__WHAT YOU ARE ASKED TO DO__
Starting with the first line of the material, reproduce exactly each line up to and including the one that contains "Watermelon Taro Children", leaving out every picture.

** RECORDS SHOWN follows **

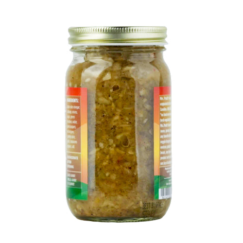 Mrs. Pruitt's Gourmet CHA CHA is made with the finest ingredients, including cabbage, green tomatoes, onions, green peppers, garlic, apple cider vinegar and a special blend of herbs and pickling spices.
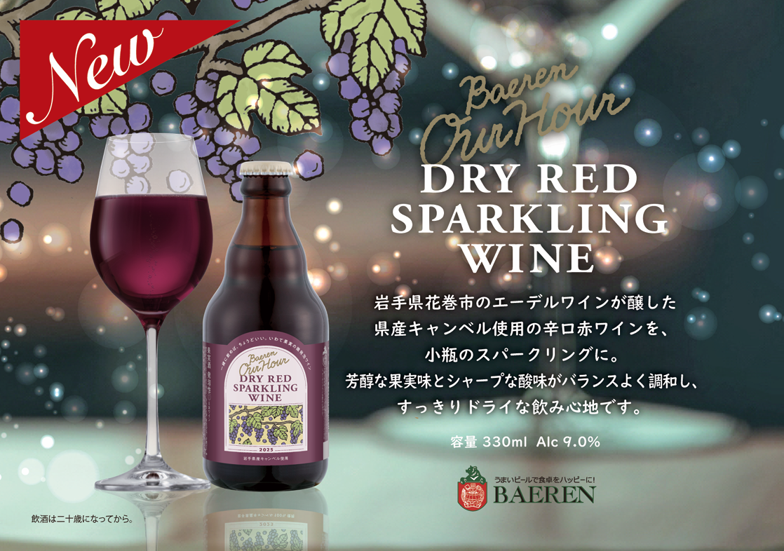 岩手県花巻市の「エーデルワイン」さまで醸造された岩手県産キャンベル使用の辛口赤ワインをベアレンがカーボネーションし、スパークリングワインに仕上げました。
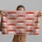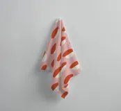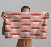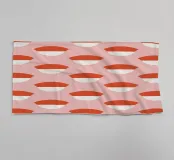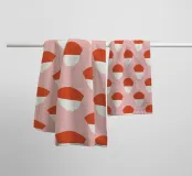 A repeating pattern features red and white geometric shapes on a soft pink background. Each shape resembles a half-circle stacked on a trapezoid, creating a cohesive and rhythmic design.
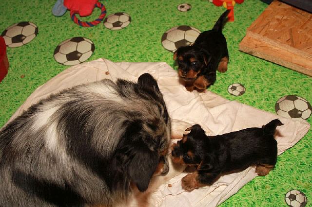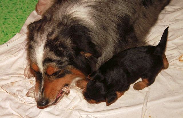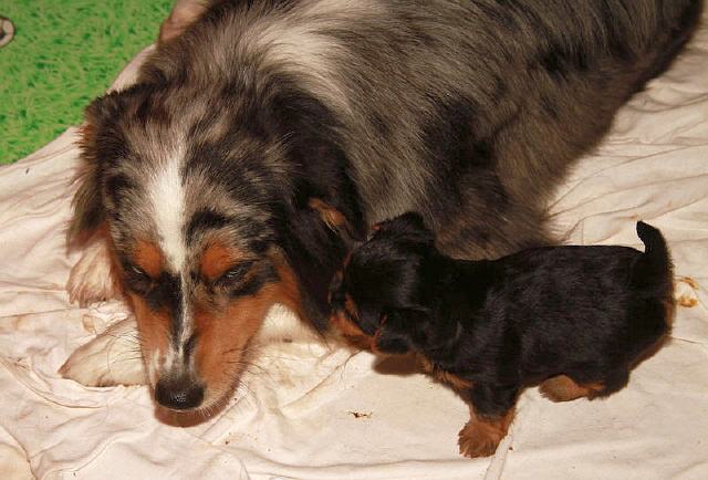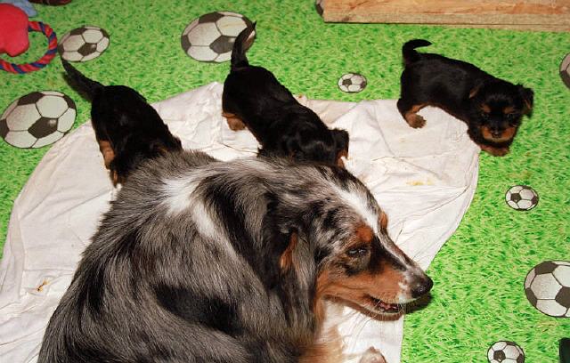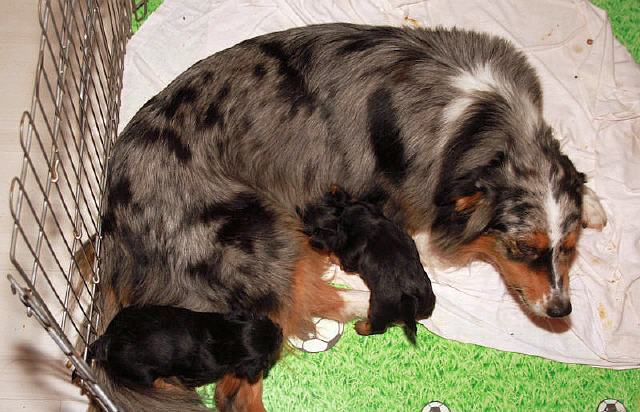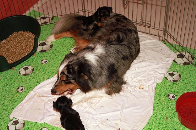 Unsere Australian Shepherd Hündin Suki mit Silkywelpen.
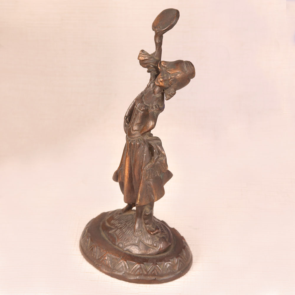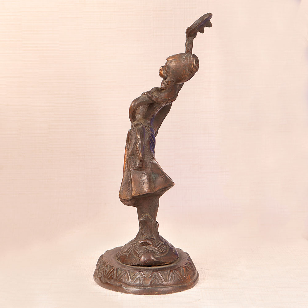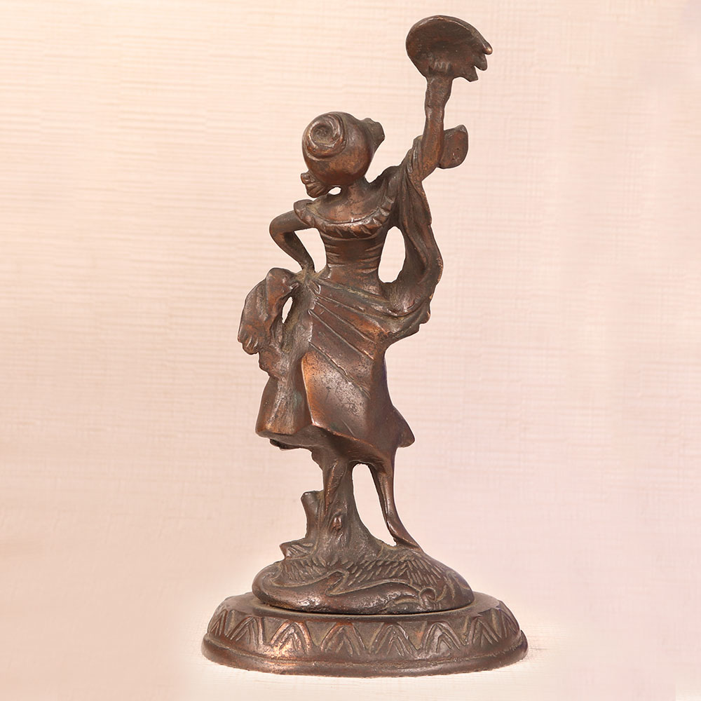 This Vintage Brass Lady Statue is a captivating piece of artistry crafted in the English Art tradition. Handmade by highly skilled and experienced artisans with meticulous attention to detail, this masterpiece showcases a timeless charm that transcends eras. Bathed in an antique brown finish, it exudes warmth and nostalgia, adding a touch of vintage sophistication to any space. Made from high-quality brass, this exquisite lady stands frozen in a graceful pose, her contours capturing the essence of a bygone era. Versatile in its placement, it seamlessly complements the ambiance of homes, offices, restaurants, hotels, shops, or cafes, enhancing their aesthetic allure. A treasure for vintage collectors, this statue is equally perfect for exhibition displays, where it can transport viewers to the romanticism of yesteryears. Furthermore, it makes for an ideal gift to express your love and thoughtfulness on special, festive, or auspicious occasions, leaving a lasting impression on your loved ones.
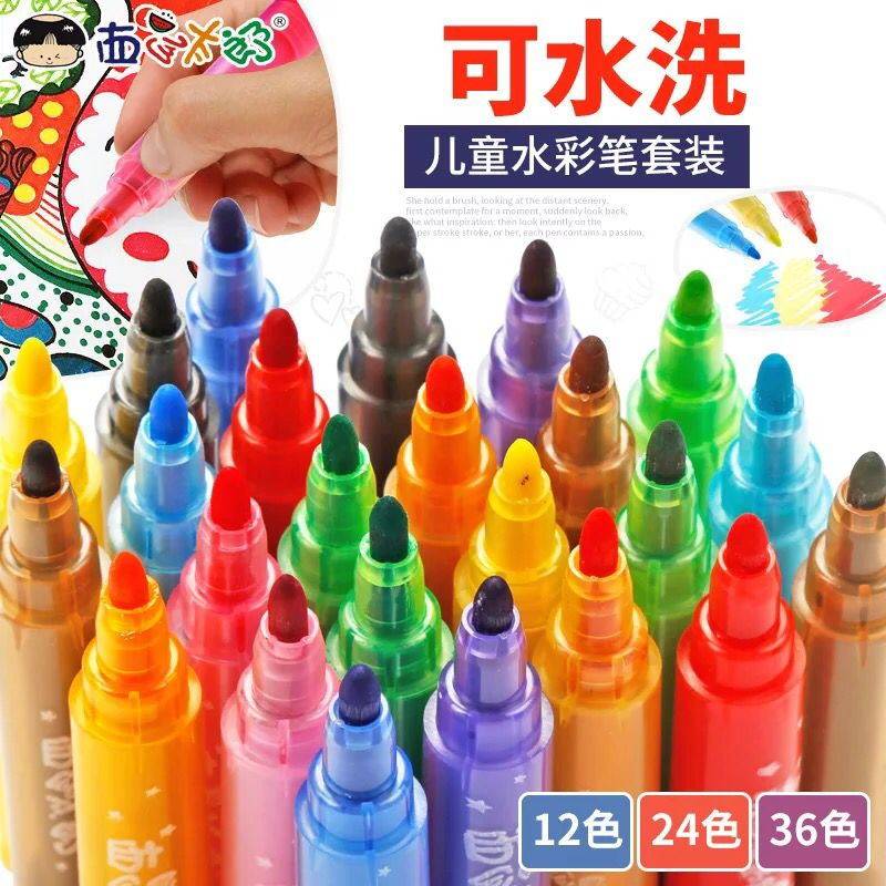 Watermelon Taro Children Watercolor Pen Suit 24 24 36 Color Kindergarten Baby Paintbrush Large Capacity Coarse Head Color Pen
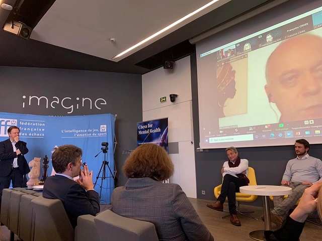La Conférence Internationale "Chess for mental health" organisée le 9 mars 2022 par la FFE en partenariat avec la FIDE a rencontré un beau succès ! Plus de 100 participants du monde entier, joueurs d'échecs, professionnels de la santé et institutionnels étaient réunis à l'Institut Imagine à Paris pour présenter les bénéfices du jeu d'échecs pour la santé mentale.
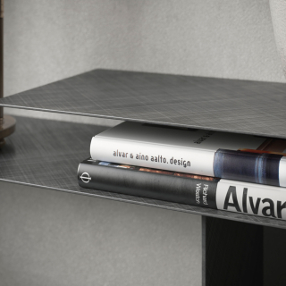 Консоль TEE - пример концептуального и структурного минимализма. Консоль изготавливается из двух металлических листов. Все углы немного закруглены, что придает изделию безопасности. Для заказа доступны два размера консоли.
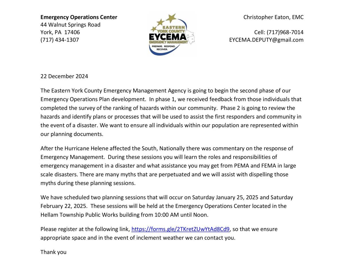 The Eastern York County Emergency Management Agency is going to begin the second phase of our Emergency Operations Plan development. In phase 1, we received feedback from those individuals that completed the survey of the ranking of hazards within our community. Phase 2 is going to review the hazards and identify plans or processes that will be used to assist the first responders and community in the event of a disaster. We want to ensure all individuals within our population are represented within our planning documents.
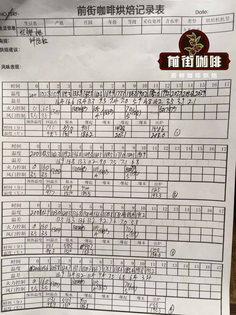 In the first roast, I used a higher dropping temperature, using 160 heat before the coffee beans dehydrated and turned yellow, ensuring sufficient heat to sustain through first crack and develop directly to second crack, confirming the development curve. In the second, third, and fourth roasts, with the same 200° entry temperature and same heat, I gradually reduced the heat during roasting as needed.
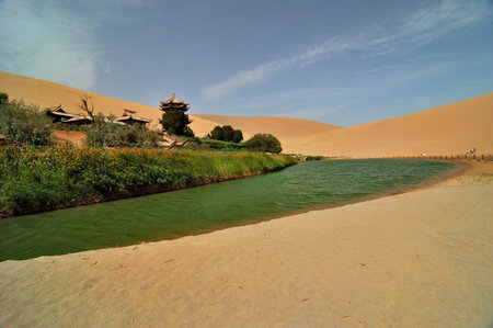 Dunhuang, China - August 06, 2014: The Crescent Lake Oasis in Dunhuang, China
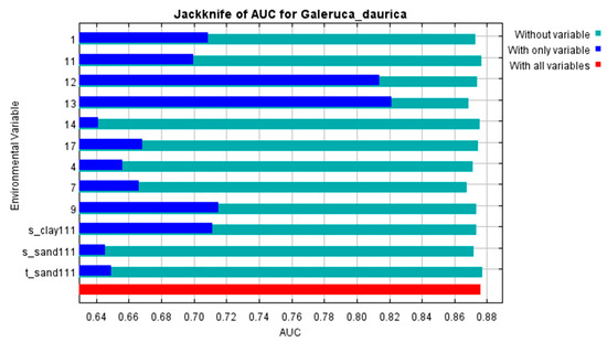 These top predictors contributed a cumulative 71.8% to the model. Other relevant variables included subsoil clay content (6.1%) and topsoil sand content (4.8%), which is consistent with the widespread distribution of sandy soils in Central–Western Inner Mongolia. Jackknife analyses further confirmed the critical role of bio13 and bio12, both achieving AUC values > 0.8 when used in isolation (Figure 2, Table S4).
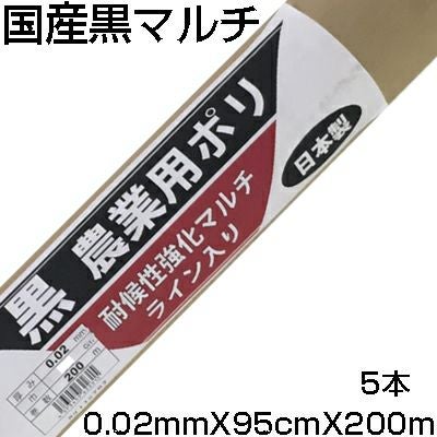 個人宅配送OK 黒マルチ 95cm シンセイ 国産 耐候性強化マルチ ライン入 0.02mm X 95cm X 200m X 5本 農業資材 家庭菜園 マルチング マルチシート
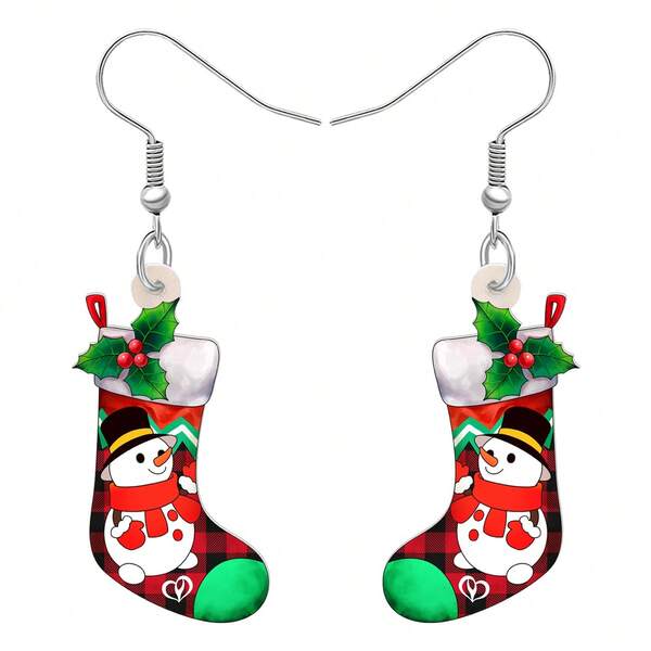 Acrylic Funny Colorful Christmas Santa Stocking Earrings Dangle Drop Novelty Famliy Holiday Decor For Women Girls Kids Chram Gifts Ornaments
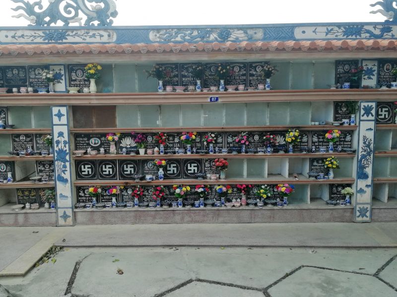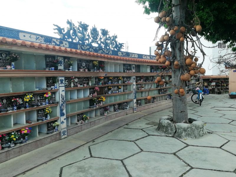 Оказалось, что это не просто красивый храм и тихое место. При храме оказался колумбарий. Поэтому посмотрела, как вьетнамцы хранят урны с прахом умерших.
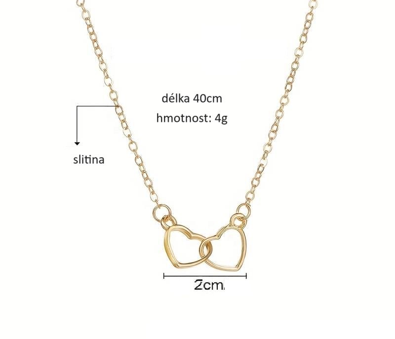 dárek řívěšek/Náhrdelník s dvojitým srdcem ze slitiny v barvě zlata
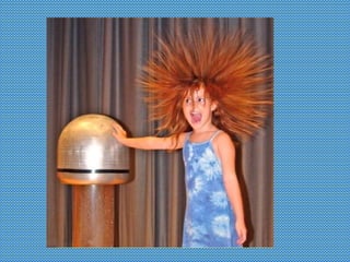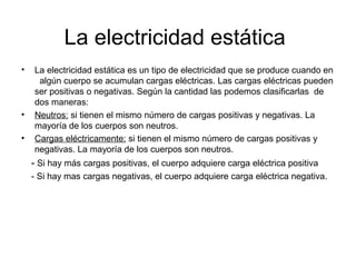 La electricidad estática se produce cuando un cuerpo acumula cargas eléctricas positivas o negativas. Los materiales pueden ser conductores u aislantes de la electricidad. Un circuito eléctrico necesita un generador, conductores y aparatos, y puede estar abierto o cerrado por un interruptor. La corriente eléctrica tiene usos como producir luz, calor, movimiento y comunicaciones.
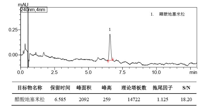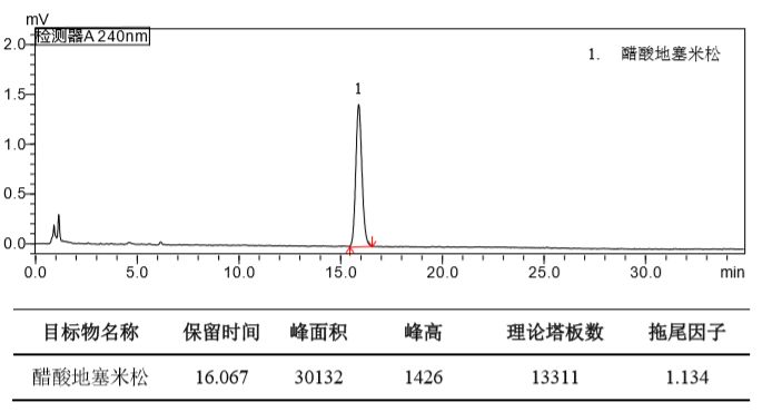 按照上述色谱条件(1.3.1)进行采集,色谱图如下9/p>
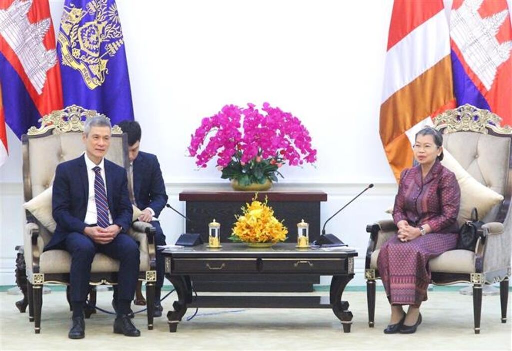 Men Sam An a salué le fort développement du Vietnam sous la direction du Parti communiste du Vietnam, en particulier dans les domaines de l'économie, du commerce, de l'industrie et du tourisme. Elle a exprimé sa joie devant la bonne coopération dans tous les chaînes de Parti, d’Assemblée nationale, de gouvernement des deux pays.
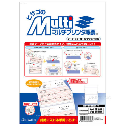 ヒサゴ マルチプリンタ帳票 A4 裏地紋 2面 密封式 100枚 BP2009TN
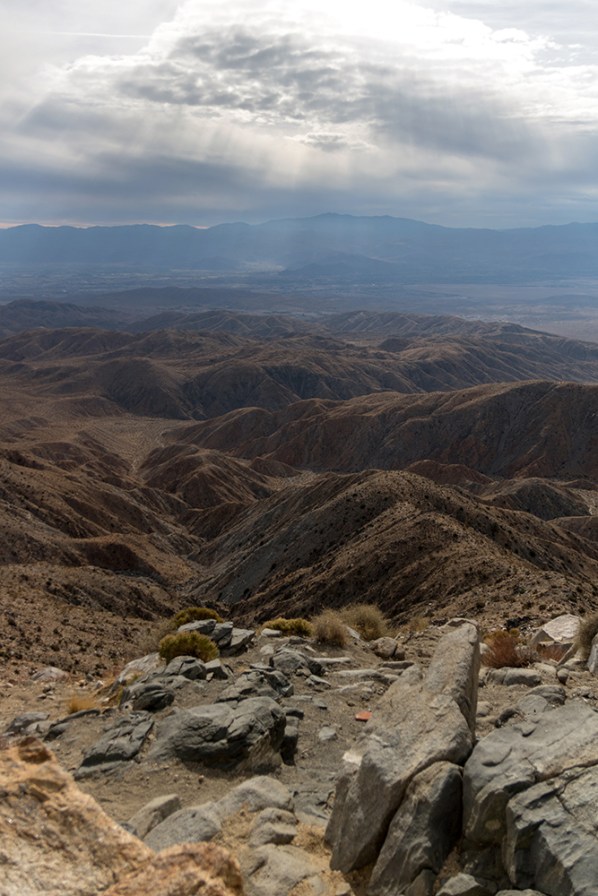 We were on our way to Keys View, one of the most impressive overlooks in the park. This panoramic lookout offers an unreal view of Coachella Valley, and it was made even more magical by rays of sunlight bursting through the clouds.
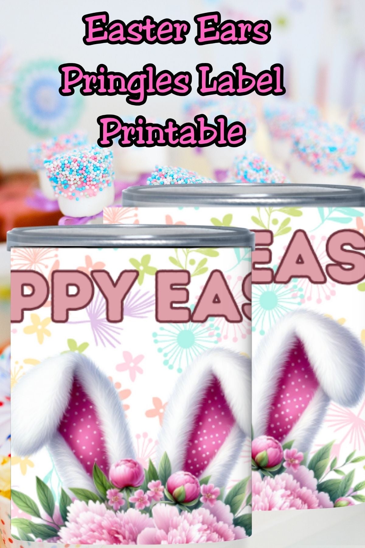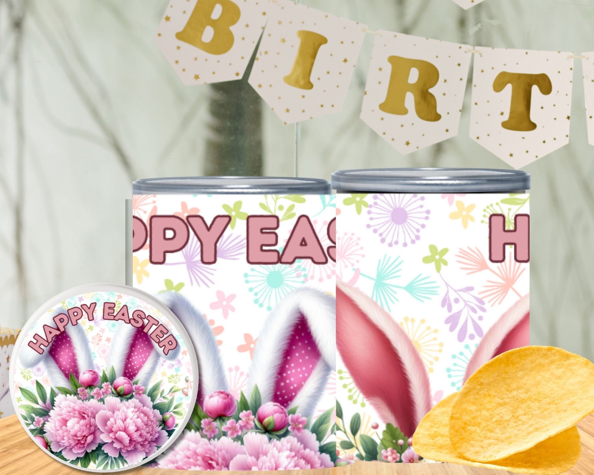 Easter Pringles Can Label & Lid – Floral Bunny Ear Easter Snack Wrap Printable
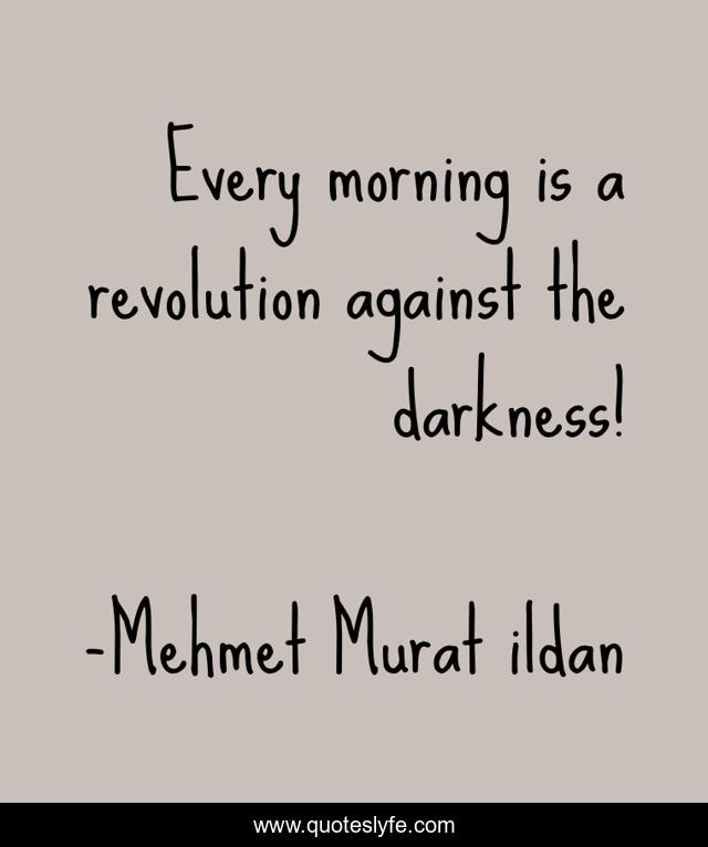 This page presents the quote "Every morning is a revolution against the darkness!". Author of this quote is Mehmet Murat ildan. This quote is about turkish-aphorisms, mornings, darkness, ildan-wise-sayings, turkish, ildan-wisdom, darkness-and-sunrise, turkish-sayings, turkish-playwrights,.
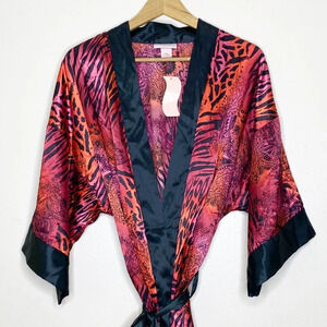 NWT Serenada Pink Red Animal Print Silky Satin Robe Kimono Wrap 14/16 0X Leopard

** End of RECORDS SHOWN **

__EXPECTED ANSWER__
 Mrs. Pruitt's Gourmet CHA CHA is made with the finest ingredients, including cabbage, green tomatoes, onions, green peppers, garlic, apple cider vinegar and a special blend of herbs and pickling spices.
 岩手県花巻市の「エーデルワイン」さまで醸造された岩手県産キャンベル使用の辛口赤ワインをベアレンがカーボネーションし、スパークリングワインに仕上げました。
 A repeating pattern features red and white geometric shapes on a soft pink background. Each shape resembles a half-circle stacked on a trapezoid, creating a cohesive and rhythmic design.
 Unsere Australian Shepherd Hündin Suki mit Silkywelpen.
 This Vintage Brass Lady Statue is a captivating piece of artistry crafted in the English Art tradition. Handmade by highly skilled and experienced artisans with meticulous attention to detail, this masterpiece showcases a timeless charm that transcends eras. Bathed in an antique brown finish, it exudes warmth and nostalgia, adding a touch of vintage sophistication to any space. Made from high-quality brass, this exquisite lady stands frozen in a graceful pose, her contours capturing the essence of a bygone era. Versatile in its placement, it seamlessly complements the ambiance of homes, offices, restaurants, hotels, shops, or cafes, enhancing their aesthetic allure. A treasure for vintage collectors, this statue is equally perfect for exhibition displays, where it can transport viewers to the romanticism of yesteryears. Furthermore, it makes for an ideal gift to express your love and thoughtfulness on special, festive, or auspicious occasions, leaving a lasting impression on your loved ones.
 Watermelon Taro Children Watercolor Pen Suit 24 24 36 Color Kindergarten Baby Paintbrush Large Capacity Coarse Head Color Pen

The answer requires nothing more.